Sung-Suk Bae1 , Hee-Jeung Jee2 , Yun-Ja Hwang3 , Ha-Rin Jang4 , Su-Jeong Kang4 , and Jeong-Hyun Lee4,†

1Department of Dental Hygiene, Hanseo University, Seosan 31962, 2Department of Bio Health Convergency Open Sharing System, Dental College, Dankook University, Cheonan 31116, 3Department of Center for Innovative Engineering Education, Dankook University, Yongin 16890, 4Department of Oral Anatomy, Dental College, Dankook University, Cheonan 31116, Korea
Correspondence to: Jeong-Hyun Lee, https://orcid.org/0000-0001-8358-8679
Department of Oral Anatomy, Dental College, Dankook University, 119 Dandae-ro, Dongnam-gu, Cheonan 31116, Korea
Tel: +82-41-550-1926, Fax: +82-41-559-7898, E-mail: 911105jh@dankook.ac.kr
Received May 28, 2024; Revised August 20, 2024; Accepted August 23, 2024.
This is an Open Access article distributed under the terms of the Creative Commons Attribution Non-Commercial License (http://creativecommons.org/licenses/by-nc/4.0) which permits unrestricted non-commercial use, distribution, and reproduction in any medium, provided the original work is properly cited.
Abstract
Background: Research is continuously being conducted on the relationship between the airway and malocclusion. The nose, as the upper part of the respiratory pathway, plays a critical role. While various international studies employ the Nasal Index classification for nasal morphology, domestic research remains scarce. This research investigates the proportions of nasal morphology in malocclusion patients utilizing a 3D software.
Methods: The study evaluated 100 malocclusion patients in their 20s (40 Class I, 34 Class II, 26 Class III). Cone-beam computed tomography was used with the Mimics (ver. 22; Materialise) 3D program to model the skull and soft tissues of the patients in three views: coronal, sagittal, and frontal.
Results: The results showed that in Class I, there were 5 leptorrhine (long and narrow) cases, 30 mesorrhine (moderate shape) cases, and 5 platyrrhine (broad and short) cases. In Class II, there were 3 leptorrhine, 25 mesorrhine, and 6 platyrrhine cases. In Class III, there were 2 leptorrhine, 21 mesorrhine, and 3 platyrrhine cases.
Conclusion: The findings of this study indicate that there is no significant correlation between the size of the nose and malocclusion in patients. Additionally, additional research related to this study is expected to be necessary.
Keywords : Cone-beam computed tomography, Korea, Malocclusion, Nasal, Nose
Introduction

1.Background

Positioned centrally on the face, the nose plays a vital role in identifying race, sex, and other features1,2). In forensic science, it is used for personal identification1). Additionally, the airway inside the nose is related to craniofacial development, making it highly important in orthodontics3). The nasal passage influences breathing patterns, which subsequently affect the growth and development of the craniofacial structure. For example, chronic nasal obstruction can lead to mouth breathing, which is associated with altered tongue posture, dental arch development, and even facial skeletal growth. Therefore, it has been observed that individuals with certain nasal types are more prone to developing malocclusions due to the influence of nasal airflow on oral and maxillofacial development. Studies by Allam et al.1) and He et al.2) have explored these relationships, highlighting the significance of nasal morphology in orthodontics and craniofacial development.

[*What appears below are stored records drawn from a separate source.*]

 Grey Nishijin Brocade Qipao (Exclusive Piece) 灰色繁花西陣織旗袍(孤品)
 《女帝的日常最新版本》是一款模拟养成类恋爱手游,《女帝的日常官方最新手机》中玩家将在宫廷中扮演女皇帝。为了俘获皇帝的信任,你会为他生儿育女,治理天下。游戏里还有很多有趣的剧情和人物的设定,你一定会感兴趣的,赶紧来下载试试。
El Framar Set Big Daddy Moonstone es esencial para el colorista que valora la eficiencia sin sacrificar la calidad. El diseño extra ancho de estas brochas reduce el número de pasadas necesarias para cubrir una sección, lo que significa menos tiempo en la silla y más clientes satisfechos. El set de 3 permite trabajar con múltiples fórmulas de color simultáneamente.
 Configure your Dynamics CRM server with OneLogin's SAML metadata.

Among these studies, the Nasal Index (NI) classification method is used to categorize nasal morphology and is applied in nasal-related research. The NI classification divides the nose into four types: hyper leptorrhine (very narrow nose), leptorrhine (long and narrow nose), mesorrhine (medium nose), and platyrrhine (broad nose)4,5). Historically, NI was used in forensic science6), but it is now also being utilized in clinical fields4,7). Therefore, research on the nose is significant in modern society. However, most studies have been conducted internationally1,2,4-14), indicating a need for related research domestically.

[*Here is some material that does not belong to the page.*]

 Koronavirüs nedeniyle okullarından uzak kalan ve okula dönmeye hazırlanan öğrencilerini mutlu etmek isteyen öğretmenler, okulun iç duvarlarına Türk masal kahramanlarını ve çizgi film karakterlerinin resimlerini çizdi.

Furthermore, the majority of studies have involved actual measurements of patients or measurements from 2D images obtained through cone-beam computed tomography (CBCT)1,2,4-14). In such cases, it is difficult to infer precise points, and measurement errors can occur, necessitating research utilizing 3D methods.

2.Objectives

This research seeks to verify the proportions of nasal morphology in malocclusion patients by utilizing a 3D software to model the skull and carrying out measurements and evaluations for NI classification.

Materials and Methods

1.Ethics statement

This study used CBCT data collected from patients who visited the dental hospital at Dankook University. The CBCT data were analyzed retrospectively after obtaining IRB approval, with a request for exemption from informed consent.

2.Study design

1) CBCT data

To ensure consistency, all data were collected by the same technician, with the Frankfort horizontal plane positioned perpendicular to the floor during imaging. The facial sagittal midline was aligned with the CBCT device (Alphard 3030; Asahi, Kyoto, Japan). Imaging parameters included a gantry angle of 0°, 120 kV, and auto mA. CBCT scanning involved a slice increment of 0.39 mm, a slice thickness of 0.39 mm, a slice pitch of 3, a scanning time of 4 seconds, and a 512 px×512 px matrix. All CBCT data were provided in DICOM format.

2) 3D image production

The provided DICOM files were processed using the 3D program Mimics (ver. 22; Materialise, Leuven, Belgium) to create models in three views: Coronal, Sagittal, and Frontal (Fig. 1). For 3D extraction of soft tissues, masking was performed with Hounsfield unit (HU) settings of Min −507 HU and Max 3,071 HU, and noise was removed using the Edit Mask function. The resulting data were converted to stereo lithography (STL) files using the Calculate Part function. The STL-converted soft tissues were measured using the Distance function.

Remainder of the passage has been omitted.